Personnaliser plutôt que diffuser à l’aveugle
Un journaliste spécialisé en économie n’attend pas le même niveau d’information qu’un média local, un titre professionnel ou un podcast. La personnalisation ne signifie pas réécrire intégralement chaque contenu. Elle consiste à sélectionner les éléments les plus utiles pour l’interlocuteur. Un message court, contextualisé et honnête sur son objet est plus professionnel qu’une relance générique adressée à des contacts non concernés.
Le suivi doit aussi distinguer les résultats visibles des résultats utiles. Une retombée dans un média spécialisé, l’obtention d’un échange avec un journaliste clé ou une citation exacte d’un porte-parole peuvent avoir davantage de valeur qu’un volume élevé de mentions peu qualifiées. L’évaluation porte donc sur la qualité des relais, pas uniquement sur leur nombre.
Les acteurs et métiers derrière les relations médias
Selon la taille de la structure, les relations presse sont pilotées en interne, confiées à une agence ou accompagnées par un consultant. L’attaché de presse, le chargé de relations presse, le responsable relations médias, le consultant médias ou l’agent de presse partagent une mission commune : rendre l’information compréhensible, pertinente et accessible aux bonnes personnes.
Leur travail dépasse l’écriture d’un communiqué. Il comprend la veille médiatique, l’identification des opportunités, la préparation d’interviews, le conseil aux dirigeants, l’organisation de points presse et l’analyse des retombées. Dans les secteurs techniques, ils jouent aussi un rôle de médiation scientifique ou de vulgarisation. Ils doivent éviter les raccourcis sans noyer les journalistes sous des documents complexes.
Une fonction qui a évolué avec les usages d’information
Les relations presse se sont structurées avec l’essor de la presse et de la profession de journaliste. Elles se sont ensuite professionnalisées au fil des crises, de la communication corporate et de l’apparition de nouveaux canaux. Aujourd’hui, les réseaux sociaux, les moteurs de recherche et les algorithmes influencent fortement la découverte de l’information. Les professionnels doivent donc connaître les logiques numériques sans confondre visibilité algorithmique et intérêt journalistique.

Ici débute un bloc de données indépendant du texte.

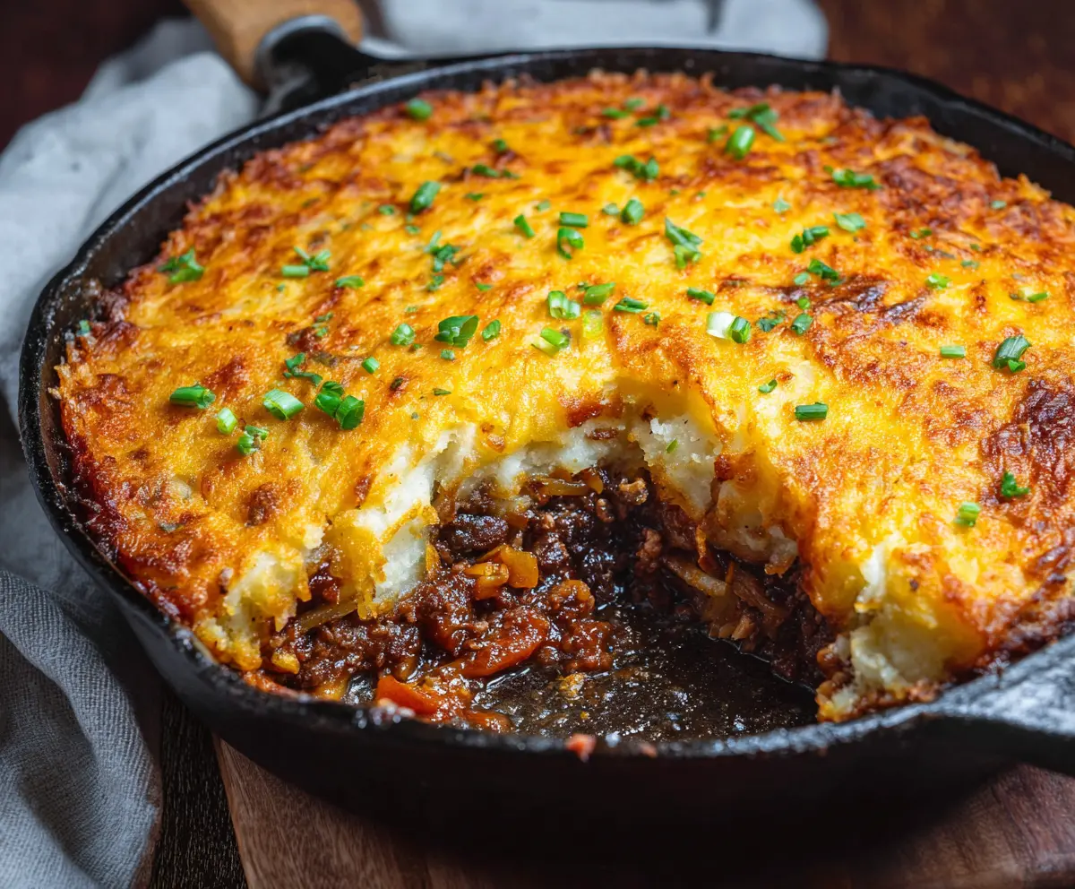 Before serving, garnish with fresh herbs. Enjoy your hearty, comforting Hash Brown Shepherd’s Pie!

Éthique, transparence et responsabilité : les conditions de la confiance
La recherche d’une couverture médiatique ne justifie ni l’exagération ni la dissimulation. Une relation durable avec les médias repose sur des informations exactes, des chiffres contextualisés, des visuels clairement identifiés et la capacité à reconnaître ce qui n’est pas encore établi. En communication de crise, cette exigence devient particulièrement forte : répondre rapidement ne doit pas conduire à répondre de manière imprécise.
Les chartes professionnelles, les codes déontologiques et les règles propres aux plateformes offrent des repères utiles. Ils invitent notamment à distinguer clairement l’éditorial du contenu sponsorisé, à signaler les partenariats avec des influenceurs et à éviter l’astroturfing, qui consiste à simuler un soutien spontané. Une communication responsable ne cherche pas uniquement à occuper l’espace médiatique. Elle contribue à une information plus claire, proportionnée et loyale envers les publics.